1 Ağustos 2013 Perşembe

Temmuz 2013 Çok Satan Kitaplar Listesi


    Haftanın çok satan kitaplar listesini, kitap satışı yapan 25 farklı sitenin çok satan kitaplar listelerini harmanlayarak oluşturuyoruz. Böylece daha gerçekçi bir çok satanlar listesine ulaşmaya çalışıyoruz.
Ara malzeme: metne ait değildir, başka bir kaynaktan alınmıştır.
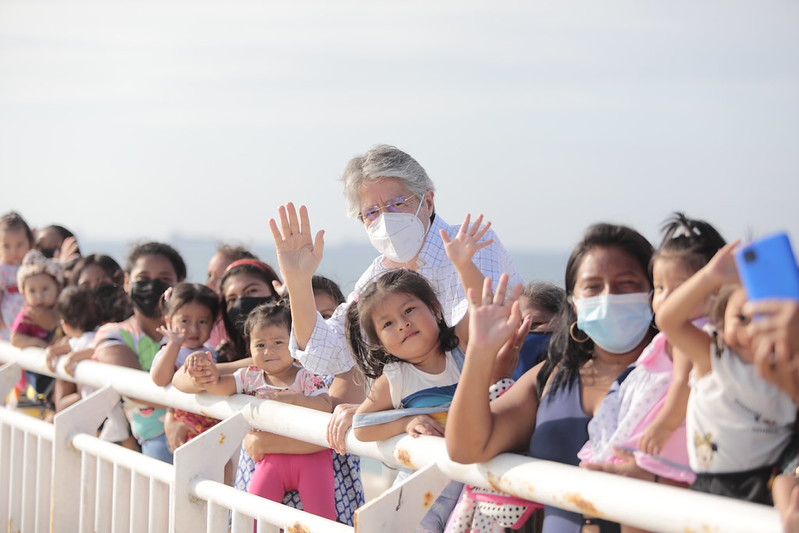 Encuentro con madres de familia. Expuso el trabajo que hacen las instituciones del estado para erradicar la desnutrición. Ballenitas, Santa Elena. Febrero 2022. Foto: Presidencia de la República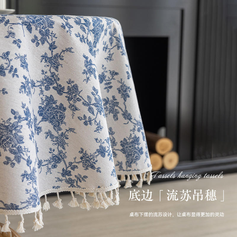 ผ้าปูโต๊ะทรงกลมสไตล์นอร์ดิก ผ้าฝ้ายลินิน พิมพ์ลายดอกไม้สีฟ้า พร้อมพู่ห้อย สำหรับตกแต่งโต๊ะอาหารที่บ้าน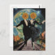 Ett sött par med blommor på huvudet dansar på järnvägsspår framför planeten Jorden surrealistisk fantasikonst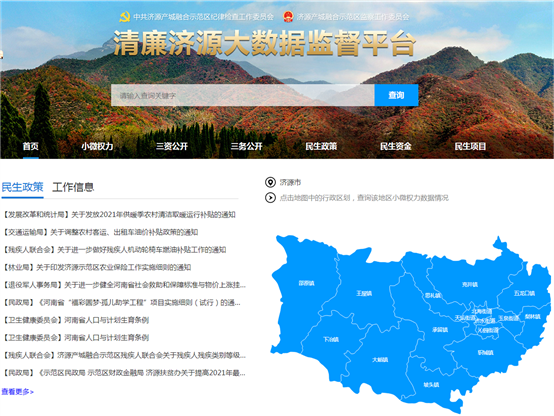 高标准谋划,搭建系统平台。济源示范区纪工委监察工委结合外地先进经验和济源本地实际,制定《“清廉济源”大数据监督平台建设实施方案》,成立“清廉济源”大数据监督平台建设工作领导小组及工作专班,明确平台建设目标、工作任务、实施范围、实施步骤及完成时限。高标准设计平台互联网主页和移动端页面,逐项细化平台模块内容,修改完善信息录入模板,完善程序功能设计,提高平台软件设计建设标准。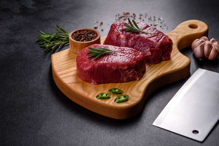 Raw beef steaks on a cutting board with spices on a stone background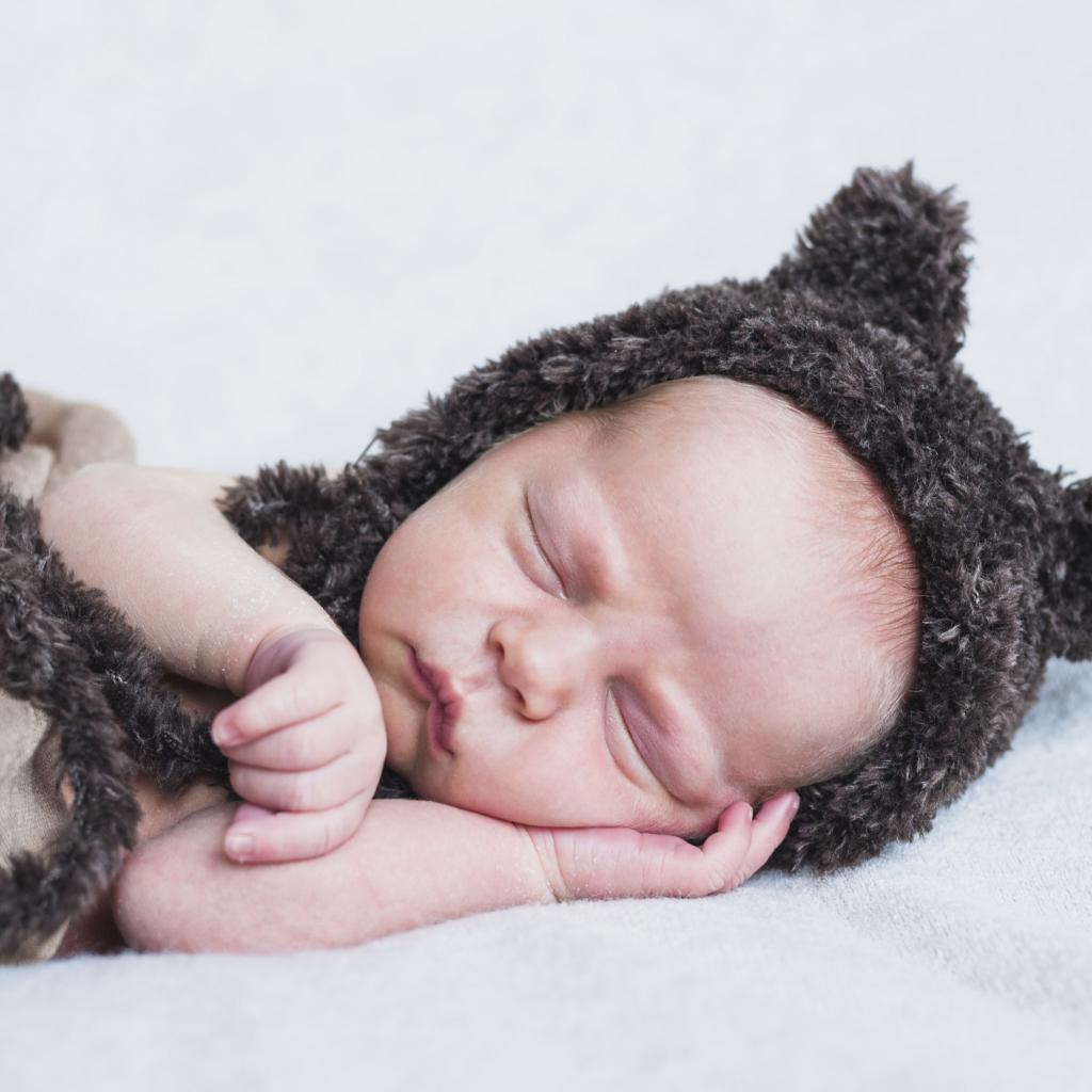 Wallpaper A small sleeping baby in a hat with ears is sleeping on the bed.

Haftalık olarak güncellediğimiz listeyi aylık olarak da bir post şeklinde yayınlayarak, kalıcılığını sağlamak istedik.


Temmuz ayında da listemizin başında Dan Brown'un yeni kitabı Cehennem var. 

    Harvard Üniversitesi Simgebilim Profesörü Robert Langdon başından vurulmuş bir halde hastane odasında gözlerini açar. Ne buraya nasıl geldiğini ne de nasıl vurulduğunu hatırlamaktadır. Camdan gördüğü manzara karşısında altüst olan profesör, evinden binlerce kilometre uzakta, Floransada olduğunu anlar. Yaşadığı korkunç baş ağrısına eşlik eden tek şey; sürekli kâbuslarında gördüğü kan kırmızısı bir nehrin karşısından kendisine seslenen gümüş saçlı güzel bir kadın ve toprağa baş aşağı gömülü can çekişen bedenlerdir.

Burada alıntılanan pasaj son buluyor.